Politik : Schreiber droht mit neuen Enthüllungen

Der in Kanada lebende bayerische Waffenhändler Karlheinz Schreiber hat mit weiteren Enthüllungen gedroht. Alle Parteien, die einmal an der Regierung gewesen seien, hätten Geld von ihm bekommen und teilweise bei der Verbuchung "geschummelt", sagte er der Tageszeitung "Die Welt". Wenn heute von Seiten der Unionsparteien, aber auch der Sozialdemokraten so getan werde, als habe man mit ihm nichts zu tun, entspreche das nicht den Tatsachen. Jeden, der die Beziehung zu ihm heute leugnen wolle, werde er "an die Tatsachen der Vergangenheit erinnern", drohte Schreiber.

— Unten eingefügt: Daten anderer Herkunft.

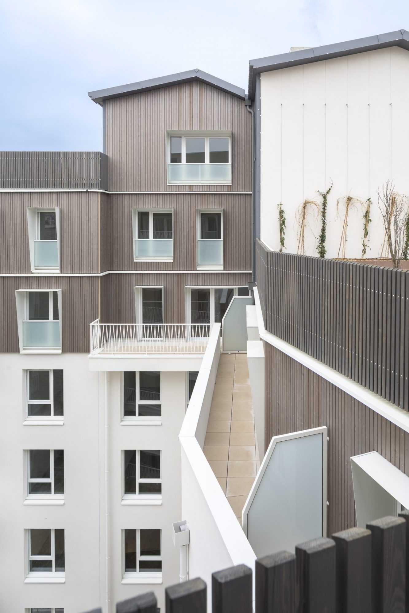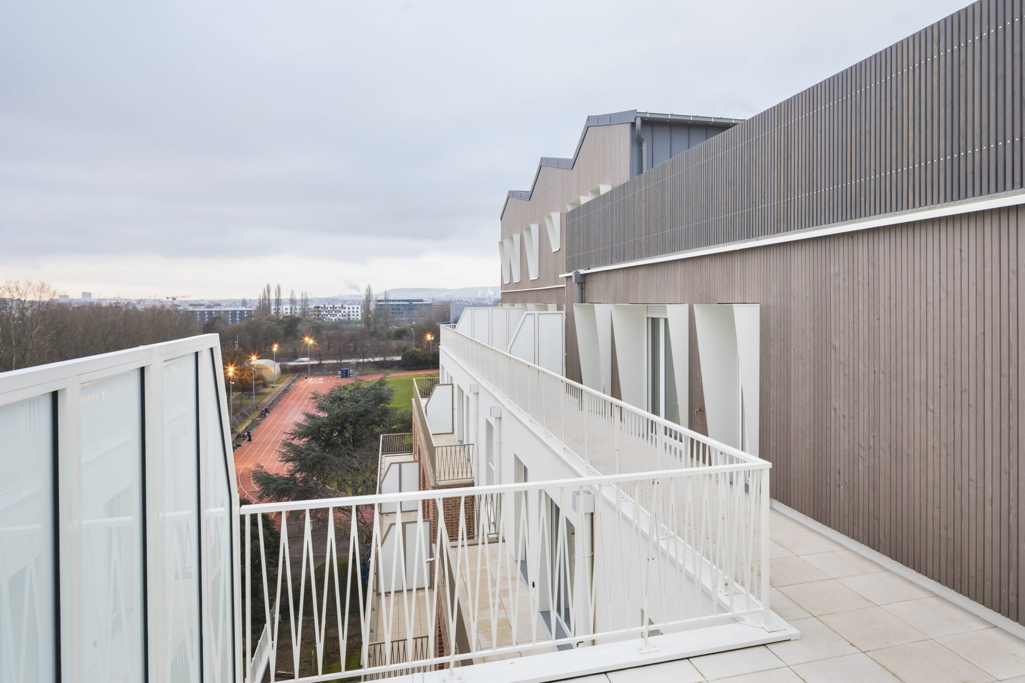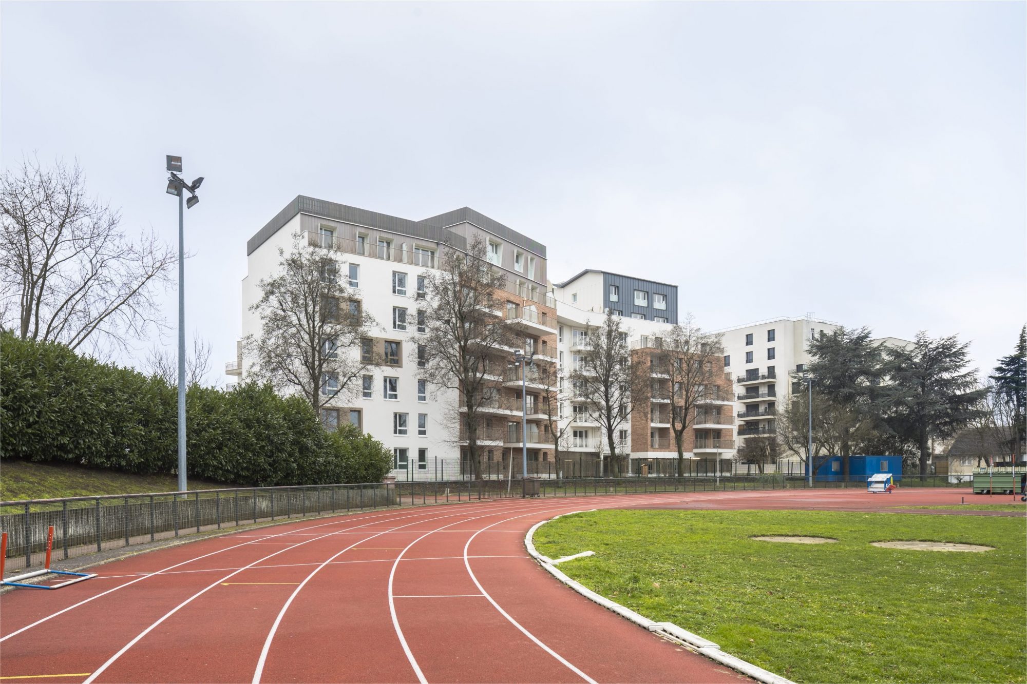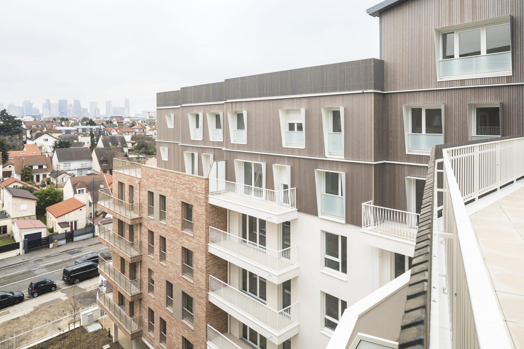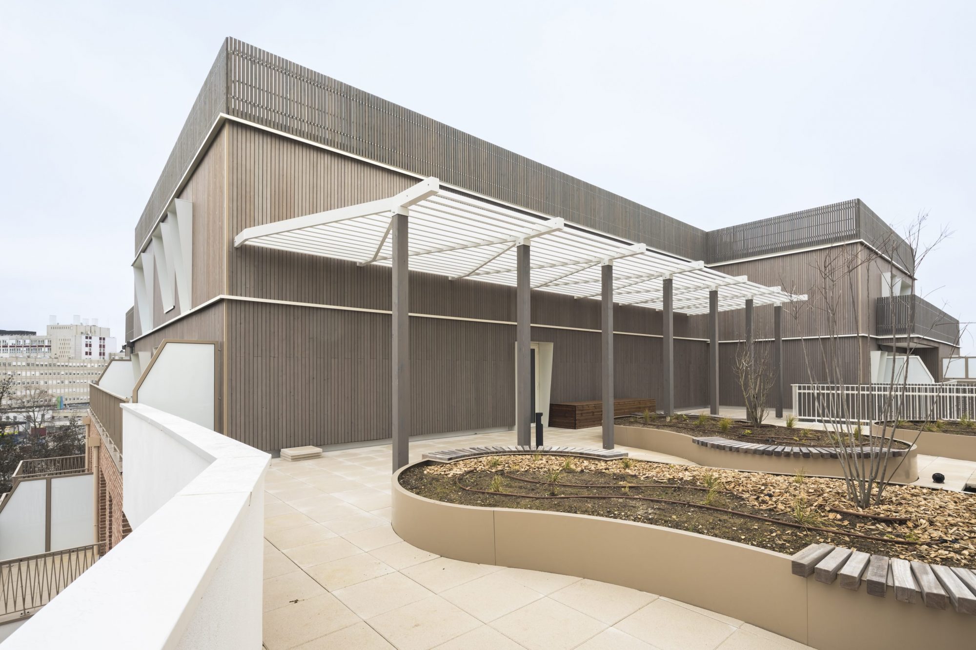 140 logements collectifs dont 42 logements sociaux bénéficiant d'espaces collectifs partagés : toiture et salle commune à rez-de-chaussée.

Er werde sich die Arbeit des Untersuchungsausschusses zur CDU-Finanzaffäre sorgfältig genau anschauen. "Wenn im Ausschuss jemand lügt, werde ich ihn der Lüge überführen." Auch wenn jemand meine, sich auf seine Kosten entlasten zu können, wolle er einschreiten. Das betreffe Politiker aller Parteien. Auch die CSU werde er an ihre Verantwortung "erinnern", führte Schreiber aus. Wenn auf der bundespolitischen Ebene endlich die Dinge geklärt seien, werde er die Öffentlichkeit auf die "Unwahrheiten in Bayern" hinweisen. Der vor der deutschen Justiz nach Kanada geflohene Rüstungslobbyist warf der Politik vor, ihn jahrelang als "nützlicher Helfer" gebraucht zu haben.

Unterdessen hat die frühere CDU-Schatzmeisterin Brigitte Baumeister jede Einflussnahme von Schreiber auf ihre Arbeit bestritten. Schreiber habe niemals von ihr verlangt, Einfluss auf politische Projekte zu nehmen, sagte Baumeister am Montag im Fernsehsender "Phoenix". Es habe lediglich einmal eine Anfrage Schreibers zu einem Projekt gegeben, aus dem aber nie etwas geworden sei.